For want of a nail the shoe is lost,

For want of a shoe the horse is lost,

For want of a horse the rider is lost.

In America, this admonition is attributed to Ben Franklin, who borrowed it without acknowledgement for Poor Richard's Almanac (1757). But getting back to Darwin's food chain, in 1947 W. L. McAtee pointed out that Darwin's food chain dynamic lacks full validity, since we now know that honey bees also pollinate red clover and that humble bees often appropriate mouse holes, so humble bees and mice have an ambiguous relationship. In Darwin's defense, he heavily depended on H. W. Newman's 1850–1851 study “On the habits of the Bombinatrices” (Darwin 1975:183).

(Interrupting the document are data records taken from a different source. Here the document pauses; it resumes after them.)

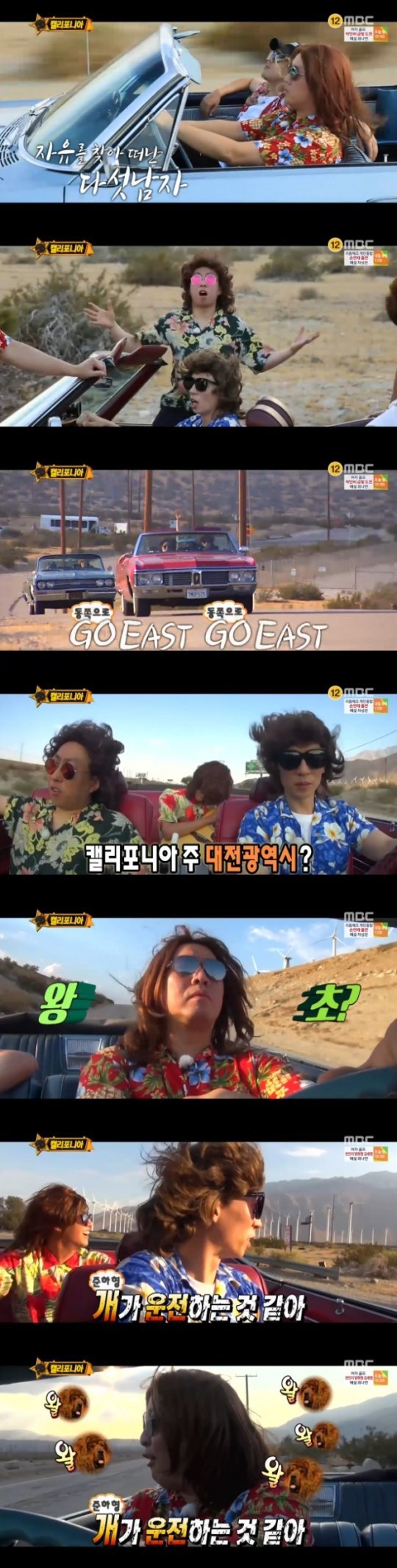 이날 ‘무한도전’ 멤버들은 이글스의 호텔 캘리포니아를 패러디했다. 멤버들은 꽃무늬 상의를 입고 스포츠카를 타고 등장했다.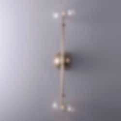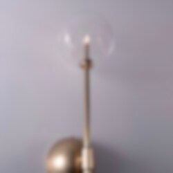 Lampan har en minimalistisk modern design som passar utmärkt i hemest alla rum. Den är gjord i solid mässing och har två munblåsta klara glasglober.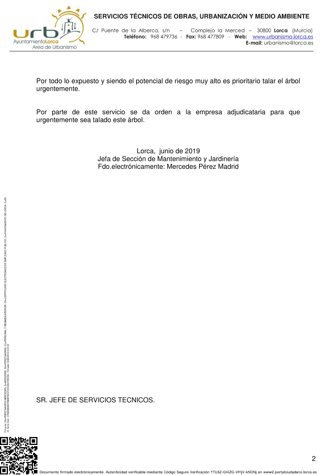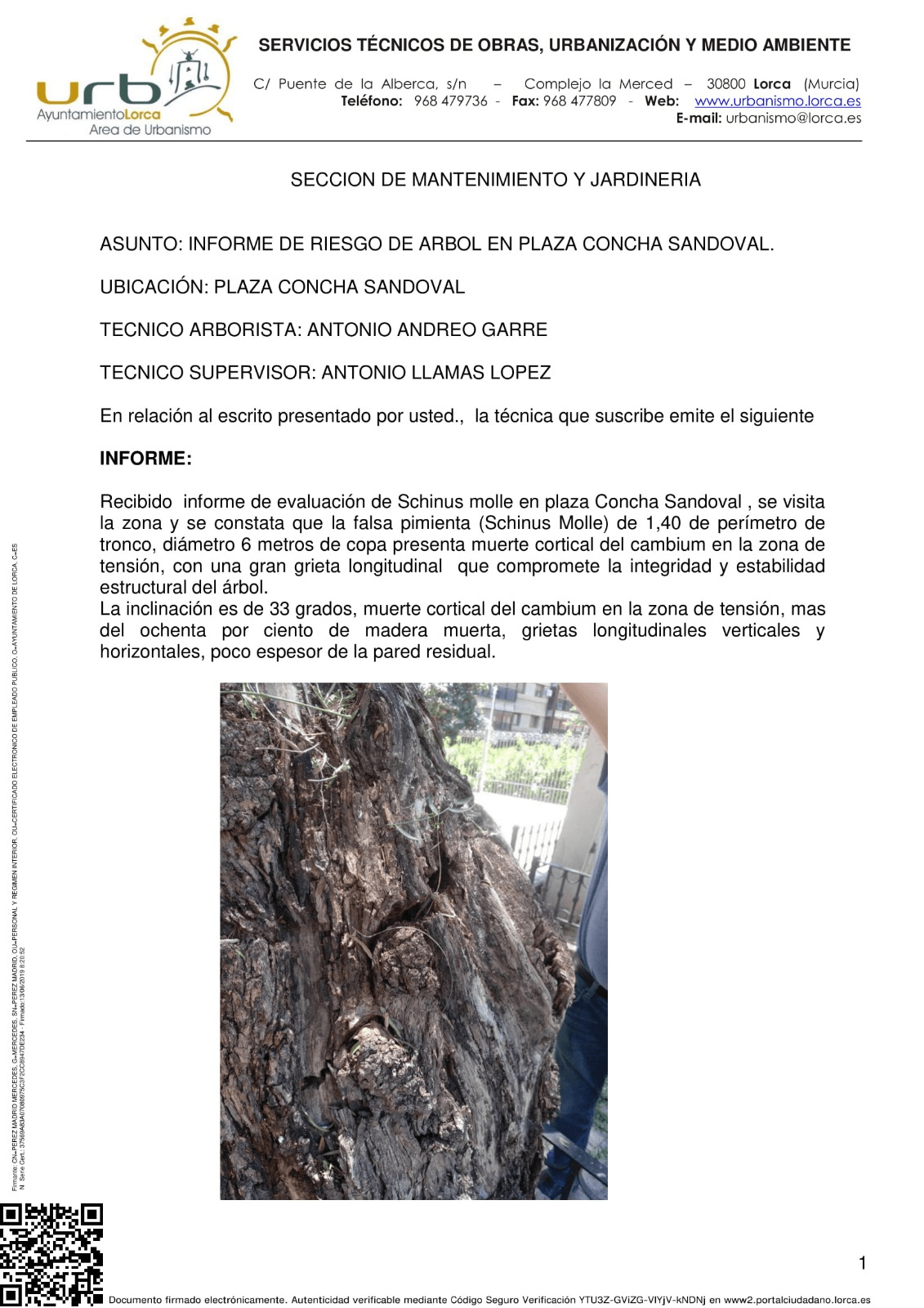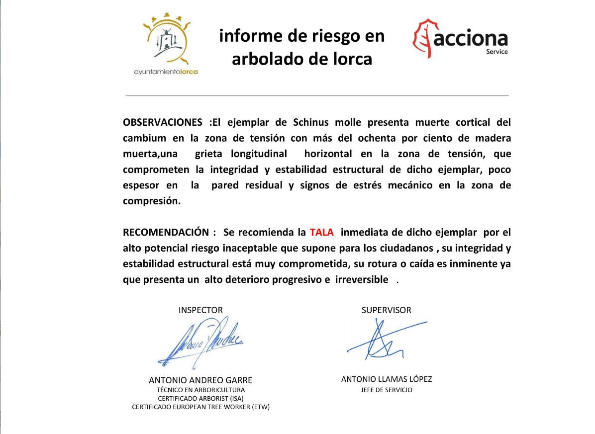 La empresa responsable del mantenimiento de zonas verdes en el casco urbano de Lorca ha elaborado los siguientes informes, donde se aclara el estado del árbol y por qué de su tala:

The next discussion of note for our purposes is from a remarkable German zoologist, Karl Semper. In 1877, he gave 12 lectures at the Lowell Institute in Boston, published simultaneously in English and German editions in 1881. The English title is Animal Life as Affected by the Natural Conditions of Existence. This book was the first detailed synthesis of animal ecology. In a discussion of the food of herbivores and carnivores (Semper 1881:51–52), he pointed out that when herbivores transform vegetation into flesh, there is a loss of mass due to oxidation of organic material, and that the same is true when carnivores transform the flesh of their prey into their own flesh. To illustrate this, he arbitrarily assumed a 10 to 1 ratio of food to flesh. One thousand units of plant food could only support 100 units of a herbivore, and those 100 units of herbivore could only support 10 units of a carnivore. Although his book has 106 illustrations, this generalized food chain was not illustrated. However W. E. Pequegnat's diagram (Fig. 5) from Scientific American (1958:86) captures Semper's concept, even to the point of using a 10 to 1 ratio. Semper wrote at a time when there was little quantified thinking in natural history. He had first trained as an engineer and then as a physiologist (Mayr 1975), and that background came to the fore in this discussion. Although his book was widely read, apparently no one carried this line of quantitative thinking any further in the 1880s or 1890s.

Figure 5.

We are used to seeing food chains or webs diagrammed. The advantages are obvious: they provide a visual panorama of detailed information. The early history of such diagrams is elusive. The bibliography on food chains and webs that Allee, Emerson, Park, Park, and Schmidt compiled (1949:514) can assist in the search. However, they did not discover the earliest ones now known, published in 1880 by Lorenzo Camerano, which are reprinted in an English translation of his article (1994:377–378). Since Camerano's two diagrams do not resemble any known from later zoologists, it seems likely that he did not have much, if any, influence on later diagrams. Joel Cohen (1994:353–355) suggests that Camerano was influenced by diagrams for other purposes in books by Darwin and by Hermann Helmholtz, though Camerano's diagrams do not resemble theirs. Like Semper's, Camerano's food webs are generalized rather than specific.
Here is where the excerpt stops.